# [Exercise]
Transcribe all data verbatim. Skip the pictures.

# [Given information]
= Beginning of Section =

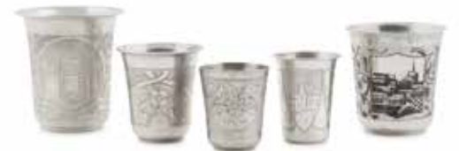
59 PROPERTY OF VARIOUS OWNERS FIVE RUSSIAN ETCHED SILVER CUPS by various makers, 19th century Total silver weight approximately 7.5oz troy. $800 - 1,200
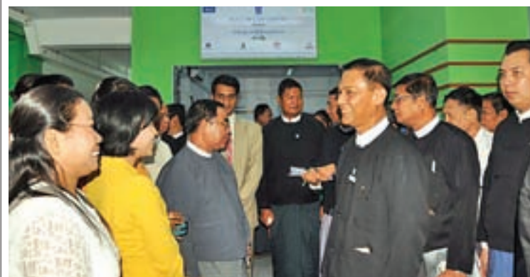
The Union Attorney General visits Yangon Rule of Law Centre.

THE Union Attorney General H.E. U Tun Tun Oo visited the Yangon Rule of Law Centre on Friday 24 June where he met with staff and graduates from the rule of law courses and observed an ongoing 'training of trainers' course.

= End of Section =

# [Output for this task]
59 PROPERTY OF VARIOUS OWNERS FIVE RUSSIAN ETCHED SILVER CUPS by various makers, 19th century Total silver weight approximately 7.5oz troy. $800 - 1,200
The Union Attorney General visits Yangon Rule of Law Centre.

THE Union Attorney General H.E. U Tun Tun Oo visited the Yangon Rule of Law Centre on Friday 24 June where he met with staff and graduates from the rule of law courses and observed an ongoing 'training of trainers' course.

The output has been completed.